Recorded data
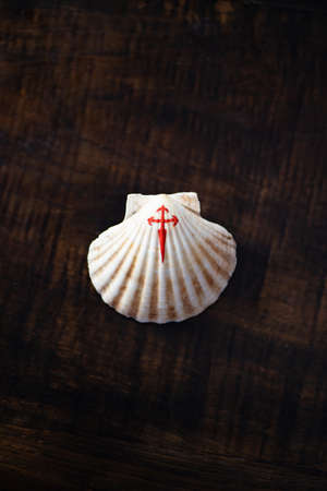 Shell with a painted red cross, symbol of the pilgrim, on a vintage wooden table
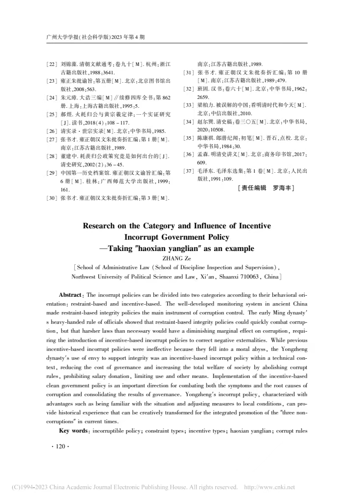 成人抖音纪检监察教研室张泽老师的论文《论激励型廉政政策的范畴与影响—以“耗羡养廉”为例》在《广州大学学报》(CSSCI)2023年第4期,“教育部名栏·廉政专栏”刊发。
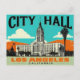 A bold vintage-style illustration of the iconic Los Angeles City Hall in California. The artwork features striking colours of turquoise, orange, and cream, highlighting the building’s historic architecture framed by palm trees and mountains.
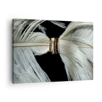 Impression sur toile - Image sur toile - Une plume blanche avec deux anneaux d'or sur fond noir - 70x50cm - ... et je ne te laisserai pas ... - Décoration murale moderne pour le salon et la chambre ARTTOR
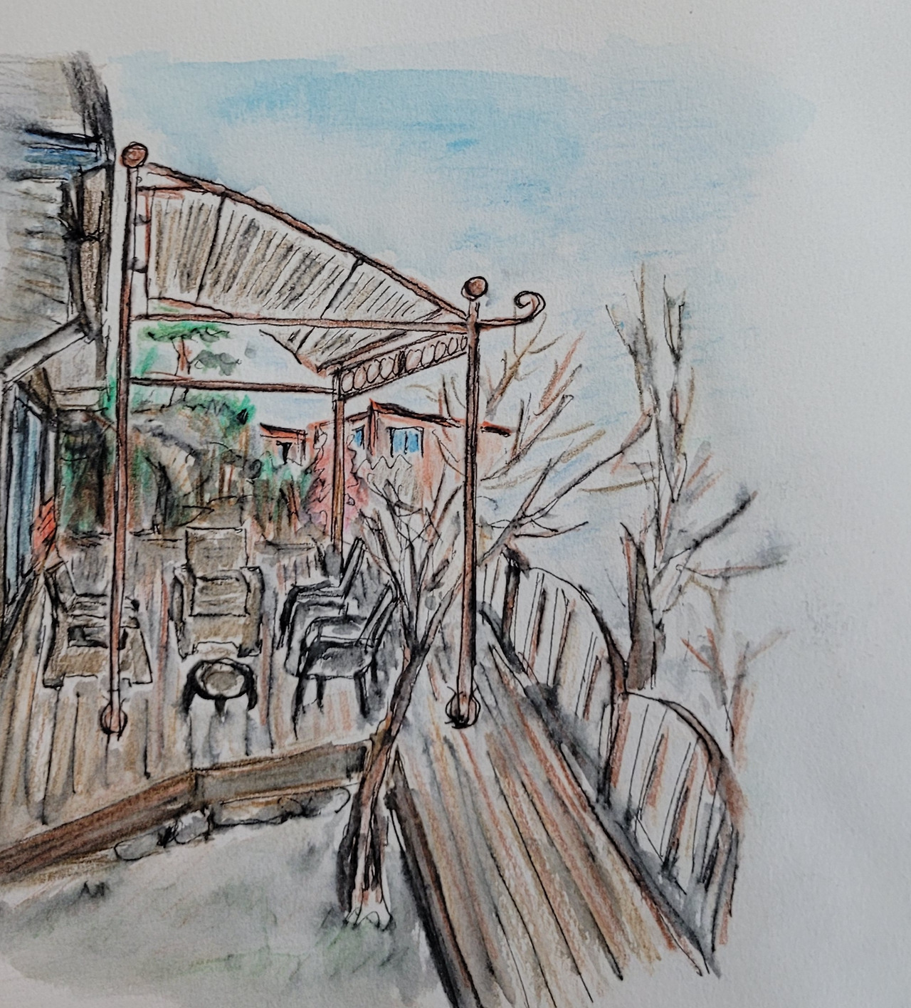 전 주에 새로 설치한 차양막이 아주 예쁘다.

TASK DESCRIPTION
Your reply should consist solely of the lines above, from the opening line through the line with "A bold vintage-style", reproduced exactly and without pictures.

TASK RESPONSE
 Shell with a painted red cross, symbol of the pilgrim, on a vintage wooden table
 成人抖音纪检监察教研室张泽老师的论文《论激励型廉政政策的范畴与影响—以“耗羡养廉”为例》在《广州大学学报》(CSSCI)2023年第4期,“教育部名栏·廉政专栏”刊发。
 A bold vintage-style illustration of the iconic Los Angeles City Hall in California. The artwork features striking colours of turquoise, orange, and cream, highlighting the building’s historic architecture framed by palm trees and mountains.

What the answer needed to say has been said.